Canon y novísima narrativa gay en México

escribe Luis Martín Ulloa

En México el reconocimiento de las disidencias sexo-genéricas ha tenido una trayectoria muy accidentada, y es solamente hasta hace pocos años que han comenzado a tener una visibilidad certera. En el campo de la literatura, y en particular de la que aborda el universo de la homosexualidad masculina, la situación es idéntica: durante gran parte del siglo XX, la representación del hombre homosexual se realizó exclusivamente mediante los recursos de la burla y el escarnio, y en el mejor de los casos, la lástima y la conmiseración. Aquí haré un breve repaso de las obras que la retomaron y cómo se ha llegado a constituir cierto canon de la narrativa gay mexicana, para llegar al estado actual en estas primeras décadas del XXI.
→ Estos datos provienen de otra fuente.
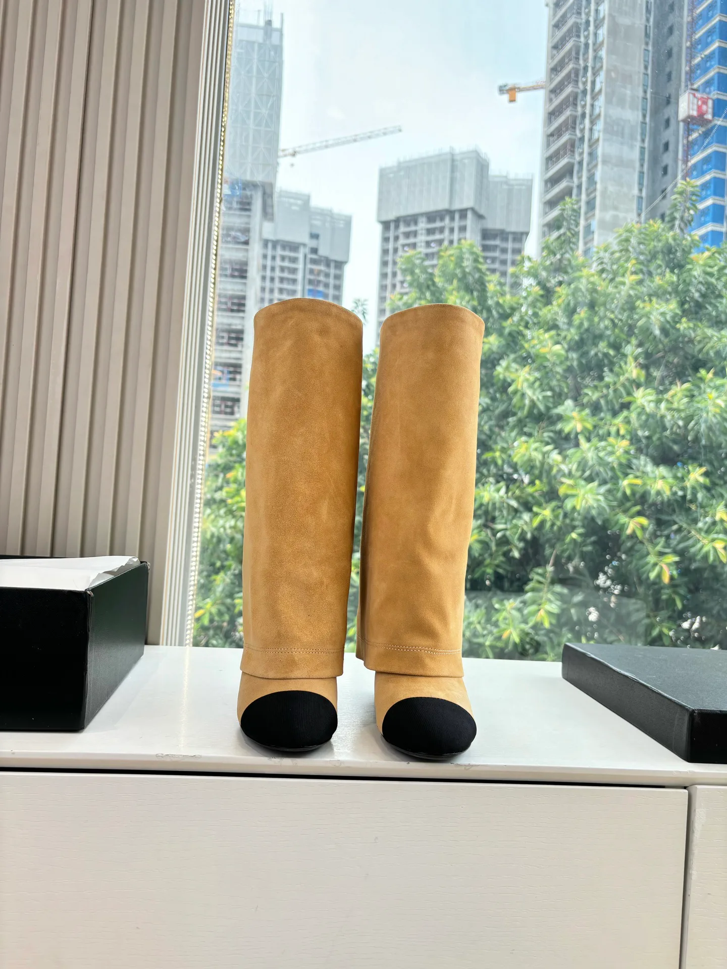 Внешний материал сапог выполнен из натуральной кожи ягненка, а подкладка — оригинальная. Размеры доступны от EU 35 до 39, для размеров 40–42 возможно индивидуальное изготовление, возврат не предусмотрен. Высота каблука составляет примерно 5,5 см, подошва изготовлена из натуральной кожи, произведенной в Италии.

Bajo dos únicas imágenes transitó este personaje en la literatura mexicana, que lo situaban en posiciones extremas: la euforia o el sufrimiento. Por una parte, el afeminado festivo y lúbrico, el jotito que sólo podía aspirar a ser un remedo de la figura femenina, e indefectiblemente era motivo de diversión o burla. Por la otra, el homosexual afligido que sí «parece hombre», atormentado por reconocerse a sí mismo como un ser inadaptado, orillado a moverse en la clandestinidad y en muchas ocasiones con un final trágico. Estas representaciones estereotípicas aparecen incluso antes de comenzar el siglo XX. Los primeros ejemplos provienen de la cultura popular. «El ánima de Sayula» es una leyenda del estado mexicano de Jalisco. Se transmitió durante mucho tiempo de manera oral hasta que fue transcrita en los últimos años del XIX. En ella, un ánima en pena se dirige al valiente que se atreve a encararlo y devela sus pretensiones: «El favor que yo te pido / Es un favor muy sencillo, / Que me prestes el fundillo / Tras del que ando tiempo ha». El otro ejemplo es por supuesto el de «Los 41 maricones», suceso de 1901 que ha sido suficientemente divulgado, al igual que la composición en verso que se publicó en una hoja junto al grabado realizado por José Guadalupe Posada. Estas dos composiciones de nulo valor literario fueron el preludio de larga etapa en la cual los personajes homosexuales, con algunas variaciones mínimas, correspondían de manera invariable a esta representación dual. No hubo texto literario que no imprimiera ese matiz desesperanzado, que no dejara como únicos caminos el repudio, la soledad, o el papel de bufón.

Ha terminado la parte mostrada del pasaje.